To unravel the immune-related implications of FERMT2 within the tumor micro-environment across a spectrum of cancers, we applied the ESTIMATE algorithm to quantify the associations between FERMT2 expression patterns and immune scores (Fig. S2), estimate scores (Fig. S3), as well as stromal scores (Fig. S4) in 35 distinct cancer types. Among these, notably, the three highest-ranking tumors exhibiting significant correlations between FERMT2 expression levels and stromal scores were COAD, STAD, and BLCA. Similarly, substantial correlations between FERMT2 and immune scores were found in COAD, READ, and TGCT, while for estimating scores, COAD, PAAD, and BLCA exhibited the most pronounced associations. Furthermore, we examined the association between FERMT2 and neoantigens across human cancers (Fig. S5). The association between FERMT2 expression patterns and the abundance of neoantigens in KIPAN, TGCT, and COAD (p < 0.05) was uncovered in this study.

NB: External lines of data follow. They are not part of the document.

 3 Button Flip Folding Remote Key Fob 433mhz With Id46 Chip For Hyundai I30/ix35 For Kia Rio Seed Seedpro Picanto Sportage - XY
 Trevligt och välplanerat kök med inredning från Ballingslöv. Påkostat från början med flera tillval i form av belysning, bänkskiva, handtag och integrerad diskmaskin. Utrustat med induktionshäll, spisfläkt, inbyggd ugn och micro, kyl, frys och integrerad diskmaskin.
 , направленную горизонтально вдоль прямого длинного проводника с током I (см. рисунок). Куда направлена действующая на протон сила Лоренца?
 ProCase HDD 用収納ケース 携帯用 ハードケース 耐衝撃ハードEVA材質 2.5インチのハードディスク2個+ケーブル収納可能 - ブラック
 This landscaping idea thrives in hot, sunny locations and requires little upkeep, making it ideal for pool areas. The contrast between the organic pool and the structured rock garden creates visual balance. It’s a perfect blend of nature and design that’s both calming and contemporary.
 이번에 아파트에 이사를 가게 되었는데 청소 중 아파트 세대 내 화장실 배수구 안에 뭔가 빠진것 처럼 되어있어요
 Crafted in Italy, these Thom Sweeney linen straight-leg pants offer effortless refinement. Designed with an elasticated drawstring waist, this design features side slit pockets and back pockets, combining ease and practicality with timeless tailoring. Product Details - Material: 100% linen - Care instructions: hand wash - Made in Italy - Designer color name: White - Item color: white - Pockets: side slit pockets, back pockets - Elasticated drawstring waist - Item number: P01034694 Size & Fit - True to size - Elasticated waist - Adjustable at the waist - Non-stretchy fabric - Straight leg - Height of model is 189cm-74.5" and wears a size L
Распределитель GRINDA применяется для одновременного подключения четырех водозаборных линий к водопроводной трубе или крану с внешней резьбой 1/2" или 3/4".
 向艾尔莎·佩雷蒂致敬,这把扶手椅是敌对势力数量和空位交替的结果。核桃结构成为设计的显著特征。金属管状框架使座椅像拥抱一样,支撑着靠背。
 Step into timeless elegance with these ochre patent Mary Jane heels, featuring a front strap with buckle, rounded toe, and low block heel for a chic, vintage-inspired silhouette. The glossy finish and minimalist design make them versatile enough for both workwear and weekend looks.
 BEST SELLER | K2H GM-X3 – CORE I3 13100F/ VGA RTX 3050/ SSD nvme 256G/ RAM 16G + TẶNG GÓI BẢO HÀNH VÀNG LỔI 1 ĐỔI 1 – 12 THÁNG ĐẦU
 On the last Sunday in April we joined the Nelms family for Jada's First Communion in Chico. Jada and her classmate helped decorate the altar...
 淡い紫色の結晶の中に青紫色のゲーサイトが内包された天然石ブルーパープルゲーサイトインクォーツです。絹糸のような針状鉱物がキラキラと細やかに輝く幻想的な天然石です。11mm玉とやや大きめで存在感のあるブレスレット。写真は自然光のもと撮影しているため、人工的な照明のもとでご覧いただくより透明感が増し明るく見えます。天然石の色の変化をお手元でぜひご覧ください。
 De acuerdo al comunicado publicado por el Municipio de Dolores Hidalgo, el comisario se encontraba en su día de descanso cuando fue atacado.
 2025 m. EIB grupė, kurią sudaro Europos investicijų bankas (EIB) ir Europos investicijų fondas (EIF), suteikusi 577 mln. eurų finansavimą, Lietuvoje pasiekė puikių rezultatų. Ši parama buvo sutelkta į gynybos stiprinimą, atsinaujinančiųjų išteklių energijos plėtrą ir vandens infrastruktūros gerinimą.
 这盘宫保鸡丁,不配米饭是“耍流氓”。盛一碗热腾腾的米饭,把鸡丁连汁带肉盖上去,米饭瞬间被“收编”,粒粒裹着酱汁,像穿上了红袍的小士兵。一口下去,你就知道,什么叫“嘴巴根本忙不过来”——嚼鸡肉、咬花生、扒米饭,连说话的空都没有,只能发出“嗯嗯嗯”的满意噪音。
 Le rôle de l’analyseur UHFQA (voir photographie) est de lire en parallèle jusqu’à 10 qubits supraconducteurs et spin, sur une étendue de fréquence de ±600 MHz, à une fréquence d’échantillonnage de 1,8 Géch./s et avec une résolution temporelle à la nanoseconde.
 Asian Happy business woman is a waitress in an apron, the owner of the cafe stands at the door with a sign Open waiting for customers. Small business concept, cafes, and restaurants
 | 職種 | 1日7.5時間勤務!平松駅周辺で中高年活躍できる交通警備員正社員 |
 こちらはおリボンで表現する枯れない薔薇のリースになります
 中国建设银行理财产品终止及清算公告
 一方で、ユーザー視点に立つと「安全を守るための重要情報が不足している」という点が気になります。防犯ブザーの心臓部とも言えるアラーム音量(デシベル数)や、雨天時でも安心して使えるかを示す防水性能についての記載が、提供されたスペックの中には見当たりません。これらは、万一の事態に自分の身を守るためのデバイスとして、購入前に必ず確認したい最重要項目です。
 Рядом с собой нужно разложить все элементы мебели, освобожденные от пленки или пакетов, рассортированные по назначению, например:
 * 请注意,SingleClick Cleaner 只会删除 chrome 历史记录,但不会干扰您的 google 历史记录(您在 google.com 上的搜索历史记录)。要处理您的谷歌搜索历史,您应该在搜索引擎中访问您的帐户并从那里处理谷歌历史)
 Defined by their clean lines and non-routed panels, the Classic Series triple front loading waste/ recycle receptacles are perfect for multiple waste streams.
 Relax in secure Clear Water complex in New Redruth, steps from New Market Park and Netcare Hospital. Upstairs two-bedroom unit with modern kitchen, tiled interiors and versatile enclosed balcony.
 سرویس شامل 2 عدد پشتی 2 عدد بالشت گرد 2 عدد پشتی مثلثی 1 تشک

Taking a step further, we aimed to elucidate the intricate interplay between FERMT2 and immune cell populations within TME across a spectrum of cancers. we conducted a comprehensive analysis involving the application of six distinct algorithms for immune cell quantification (Fig. 4A–D, Figs. S6A–B).

Fig. 4.

Fig. 4

Association between FERMT2 expression levels and immune infiltration within TME. Analysis conducted through various algorithms including TIMER (A), EPIC (B), QUANTISEQ (C), and MCP-counter (D). Significance denoted as: *p < 0.05, **p < 0.01, ***p < 0.001.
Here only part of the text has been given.